November 01, 2001
HEADLINES
US BOMBS HYDRO DAM 4:14
US B-52 war-planes bombed Afghanistan’s largest hydroelectric dam today, a move the Taliban says puts thousands of lives at risk. The Taliban’s Education Minister Amir Khan Muttaqi told the Afghan Islamic Press news agency that seven US raids severely damaged the Kajaki dam and hydroelectric plant, completely knocking out the power supplies of the Southern city of Kandahar. The damn holds back 2.7 billion cubic meters of water. It normally produces 150,000 kilowatts of electricity per hour and irrigates land farmed by 75,000 families in a desert area where water is a precious commodity. Jeremy Scahill has more.
ANTHRAX REACHES MIDDLE AMERICA 3:21
Anthrax reached middle America today. Preliminary tests found anthrax spores in a Kansas City, Mo., postal facility, and about 200 workers were told to join tens of thousands others from elsewhere who are taking antibiotics to ward off possible infection. Anthrax was also found at a private postal maintenance center in Indianapolis on equipment sent from a contaminated mail-processing center in Trenton. New Jersey. Those workers are also taking anti-biotics. But as Geoff Brady reports from New York, postal workers exposed to anthrax spores aren’t being tested to see if they’ve contracted the disease.
ASHCROFT DETAINS 1,000+, 3:29
Attorney General John Ashcroft announced for the first time today that the government had apprehended suspects which he said had advance knowledge of the September 11th hijackings. … Ashcroft said three Arab men who lived in Michigan had been found in possession of airport diagrams, as well as false immigration forms, and a fraudulent American visa and a false alien identification card. Ashcroft cited the detention of the three men as proof of the value of a nationwide effort by federal law enforcement agencies to round up immigrants with ties to terrorists.

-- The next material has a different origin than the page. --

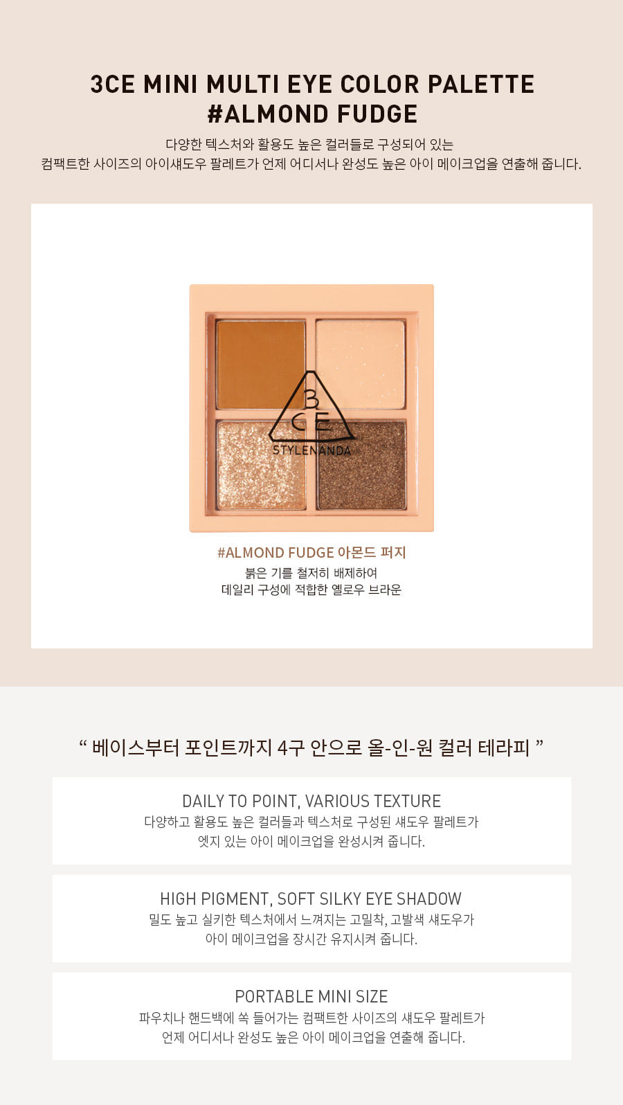 I recently tried the 3CE Mini Multi Eye Color Palette in Almond Fudge, and I must say, it exceeded my expectations. The range of yellow-brown shades is perfect for achieving a natural look that avoids any redness around my eyes. What I really appreciate is the high-pigment formula; just a small amount delivers vibrant color without needing multiple layers. The silky texture makes application seamless, and these shadows last all day long without creasing! Plus, its compact size fits perfectly in my purse for touch-ups on-the-go. This palette has quickly become an essential part of my daily makeup routine.

Ashcroft’s announcement comes days after a coalition of civil rights and civil liberties groups filed a Freedom of Information Act request seeking the identification of and charges against the more than 1,000 mostly Arab and Muslim Americans who have been detained in Ashcroft’s post-September 11th dragnet. But as Kata Mester reports from Washington, their identities remain secret.
NOTED AUTHOR STOPPED AT MUNICH AIRPORT 4:39
Host Verna Avery Brown speaks with noted author Tariq Ali who was stopped and searched at Munich’s airport for carrying a book by Karl Marx.
POLICE RIOT IN CONNECTICUT 3:49
Following the violent break-up by police of a peace demonstration last week in Hartford, Connecticut, and the arrest of 18 people, a city councilor has called for an investigation. Reporter Melinda Tuhus was at the rally and has this update.